Stroud is the third Ole Miss basketball star in a year's time to be so honored. This summer Coolidge Ball and Jennifer Gillom moved into the Mississippi Sports Hall of Fame as members of the Class of 2008.
Now it's Stroud's turn. He's still listed in the record book as the third all-time leading scorer in SEC men's basketball history, behind Pete Maravich of LSU before him and Allan Houston of Tennessee after him.
I say "still listed" because the truth is that one other man passed Stroud in the SEC scoring record book. But Vernon Maxwell of Florida, who like Houston also played after Stroud, had many of his points taken away as the Gators had to forfeit some victories due to NCAA violations. Maxwell is no longer listed among the top scorers in the league's history.
Top three. Top four. After three-fourths of a century of SEC men's basketball, that's still quite an impressive position to be in, ahead of many of the game's greatest ever.
Stroud prepped at nearby West Union High School, between New Albany and Oxford, and was one of the state's best players in the decade of the 1970s. He received strong overtures from Mississippi State and Alabama, among others, but chose to stay basically at home.
His senior season in 1980 was the first time an Ole Miss men's basketball team had ever played in the postseason, getting an invitation to the NIT. The Rebs beat Grambling at home on a Carlos Clark buzzer-beater in round one, and then lost at Minnesota in round two, a team led by future NBA star Kevin McHale.
Stroud, as his numbers imply, was a scorer. He averaged 26 and 25 points respectively his final two seasons, both years leading the conference in scoring.
The days and nights weren't always special. There were some trying times as Ole Miss basketball tried to grow up and make some noise in the league.
In Starkville when he was a freshman, Stroud and his teammates had a rough time of it.
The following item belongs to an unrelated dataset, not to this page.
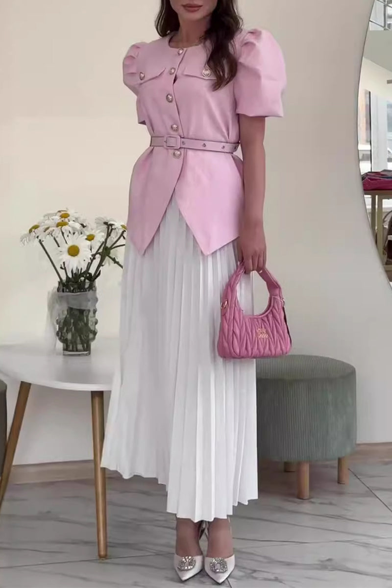 Celebrities Elegant Buttons Patchwork O Neck Short Sleeve Two Pieces(4 Colors)

Bob Weltlich, the Ole Miss head coach who grew up in Ohio as a childhood friend of Bob Knight and later coached with him at Indiana, got a technical in the tunnel "talking" with the refs BEFORE the game ever started. Like mentor like pupil, I suppose.
State started with two free throws prior to tipoff and won going away that night. Stroud had two points and Bulldog fans let him hear about it.
As a junior two years later, and by then one of the SEC's best players, Stroud scored 42 points against the Bulldogs in Humphrey Coliseum. He also scored 41 points in a game against Memphis State, now The University of Memphis.
His shot was one of the quickest you'd ever see. His hand-eye coordination was amazing. A teammate, like Sean Tuohy or Cecil Dowell, would get the ball into Stroud. The 6-foot-7 forward would sure-handedly receive it, turn, shoot, and score.
Over and over, time and time again, as Rebel fans and students roared their approval and opposing coaches simply shook their heads and wished they had him.
Fans continued to remember, and not just Ole Miss fans. Some 20 years ago, almost a decade after he played at Ole Miss, the Clarion-Ledger ran a fan poll of the all-time favorite Mississippi athletes. You can guess who was No. 1. The speed limit on this campus is the only hint you're getting.
But after Archie, Walter Payton wasn't second. Neither were other greats like Will Clark or Don Kessinger or Bailey Howell or Jake Gibbs or Jerry Rice. All were in the professional ranks by then; some had already retired.
No, in the No. 2 position as voted on by Mississippians was John Stroud.
A first-round draft pick of the Houston Rockets in 1980, he tried it as a player in the NBA for a while, then settled into coaching in the high school and junior college ranks in Mississippi and for several years as head coach at Millsaps College. Today he lives in his hometown of New Albany and gets to Oxford quite often as he continues to follow the Rebels.
Perhaps ironically, or appropriately, the announcement of his induction comes the same year the Rebels finally made it to Madison Square Garden for the NIT's Final Four.
The Stroud-led Rebels of that era had given Ole Miss fans something to truly get excited about from the end of football season to the start of baseball season and spring football practice.
The thrill, excitement, and new mindset of Ole Miss fans back then, that basketball is indeed important and can actually be fun, continues to this day.